Part of the job will be setting up experiments which will involve finding appropriate data sources, retrieving and cleaning the data, and analyzing/tracking the output. You will also develop supportable conclusions based on your analysis and where appropriate contribute to their implementation.
- Collect, analyze, and present actionable data to help drive product and customer experience decisions at a senior level.
- Understand high-level business objectives and continually align work with those objectives to meet needs of business.
- Identify, analyze and solve problems at their root while maintaining focus on the bigger picture.
- Recognize and adopt best practices in reporting and analysis: data integrity, test design, analysis, validation, and documentation.
- Write high quality code to retrieve and analyze data.
- Invent and design decision algorithms based on data analysis.
- Learn and understand a broad range of Amazon’s data resources and know when, how, and which to use and which not to use.
Senior Research Scientist for Network Anomaly Detection
The Network Alerts team in Amazon is based in Dublin, Ireland. We are part of the AWS Networking organization. Our mission is to process network telemetry messages and interpret them in a way which monitors the network effectively. Our goal is to detect impact to customer traffic and fix the root cause within seconds. The network is the largest and fastest growing network in the world. The customer traffic we are monitoring is your traffic because thousands of apps and websites that you use are based on AWS.
Our traditional monitoring services are critical to the smooth running of the network and those services are truly large scale - processing over 30 million observations per second. The services are predominantly written in Java on Linux and they are large - even by Amazon standards. They are distributed over thousands of hosts in hundreds of global locations and operate at higher than "five nines" availability. In 2018 we began to incorporate anomaly detection techniques into our suite. We are using Data Science and Machine Learning (ML) approaches such as Exponential Smoothing, Distribution Modelling, Clustering, and Spatial Cosine Similarity. We have put these techniques into production and we can now detect issues which were previously undetectable - for example by dynamically choosing the right threshold for an alarm covering a million ports, or forecasting the traffic level of an internet exchange, or finding a rare natural language log among a corpus of billions. By the way, we do all of this on live time series data.

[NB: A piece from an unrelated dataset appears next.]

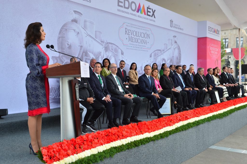 “El largo recorrido del proceso de institucionalización del ejercicio democrático del poder público, fruto de la Revolución, ha precisado del compromiso de los gobernantes de cada momento. Y así lo hace nuestro Gobernador Alfredo Del Mazo en el día a día de su Gobierno, con visión de futuro y de responsabilidad social, trabajando en favor de la gente, de sus causas, del respeto y la solidaridad con las autoridades de los tres órdenes de Gobierno, porque ha señalado que el objetivo principal es el bienestar de las y los mexiquenses”, expresó.
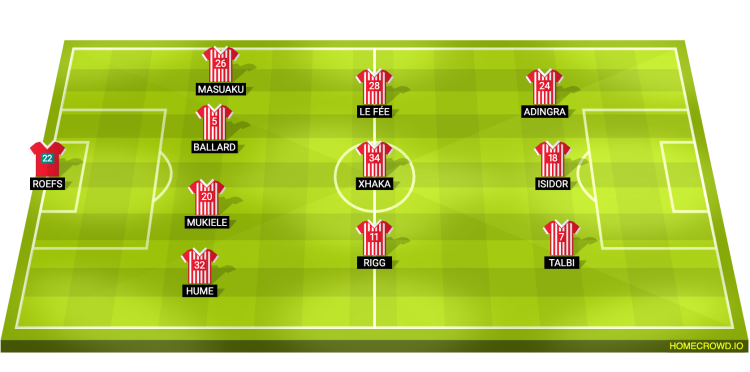Probable Lineup (4-3-3): Roefs; Hume, Mukiele, Ballard, Masuaku; Rigg, Xhaka, Le Fee; Talbi, Isidor, Adingra

With the success of anomaly detection in 2018 we are doubling down. In 2019 we finish the implementation of 6 separate anomaly detector services and will plug them into our "fire hose" of metric observations. We will build a supervised machine learning system that will ingest an expected million anomalies per minute and make sense of them for operators. We will use statistical techniques to learn associations between anomalies, alerts and external factors. These associations will become rules in an expert system which we will build, and it will increasingly assist humans in making associations and decisions on the relationship between alerts and anomalies. We will apply unsupervised machine learning algorithms to cluster this data into incidents. Those incidents will then largely be managed by our autonomous response system and where necessary, a small number will be escalated to humans where the system will continue to learn from human actions: labeling the data so it can be modeled better.
We are looking for a Senior Research Scientist to join us in our brand new office in Dublin, Ireland. You will join a tenured team of Research Scientists and Software Development Engineers and take the lead on a number of new initiatives.